AMD: Southern Islands (7*** series) Speculation/ Rumour Thread

Those aren't GeForce boards and are far more expensive.

I looked around and it's only $2100 :p
was expecting a higher price, in fact the quadro 6000 is more expensive.

maybe they lowered the price, at least I'm sure the very first tesla cards were much more expensive.

the ECC feature is a must if you're going to do serious HPC, there's maybe quite a risk of bits flipping on your gas guzzling gaming card.
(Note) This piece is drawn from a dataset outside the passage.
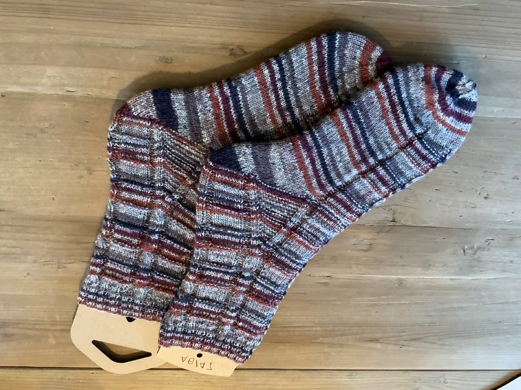 „Elea“ sind Socken mit einem kleinen Zopfmuster, das durch links gestrickte Streifen ergänzt wird. Das farbige Muster (Ringel/Streifen) kommen direkt aus dem Knäul und so sieht jede Socke anders aus. Die Socken werden von oben nach unten gestrickt. Ich habe die Ferse als Zunahmeferse gearbeitet und eine Bandspitze gestrickt und beschrieben. Ferse und Spitze können jedoch auch anders ausgeführt werden.
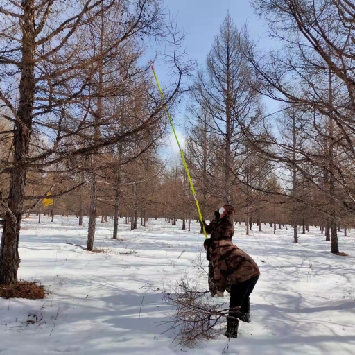 嚴(yán)格技術(shù)操作,科學(xué)采集枝條。按照《大興安嶺森林培育技術(shù)規(guī)范》中的“標(biāo)準(zhǔn)枝法”采集。生產(chǎn)人員深入到種子園優(yōu)良林分中,以興安落葉松林地域內(nèi)優(yōu)質(zhì)目標(biāo)樹為宜,分別對(duì)樹的陰陽(yáng)兩面和林相的南北面進(jìn)行采集枝條,按照樹的上、中、下和南北隨機(jī)抽取10—15株優(yōu)樹,每株各采兩組枝條,每株樹采集六個(gè)枝條,枝條長(zhǎng)度為1.5米以上,對(duì)采集枝條陽(yáng)上、陽(yáng)中、陽(yáng)下,陰上、陰中、陰下方位分別用標(biāo)簽標(biāo)記,進(jìn)行捆扎,并記錄好林班、小班、林齡和坐標(biāo)點(diǎn)。

off-line 3D rendering : then yes a 7970 6GB looks awesome. but AMD lacks an equivalent to CUDA.
 
Lots too much silicon is required for "just marketing".
I'm sure HD7970 wouldn't have ended up much slower if Tahiti had been designed with a 256bit interface and "just" 28 CUs: HD7950 scales to an average of 95% of HD7970 performance if clocked to 925/2750, and cutting the memory speed of HD7970 by 33% results in about 10% less performance (a little more or less depending on settings and games).

That's about 15% less performance all-in-all. Nothing that couldn't have been adjusted for by a little more aggressive memory and core clocks.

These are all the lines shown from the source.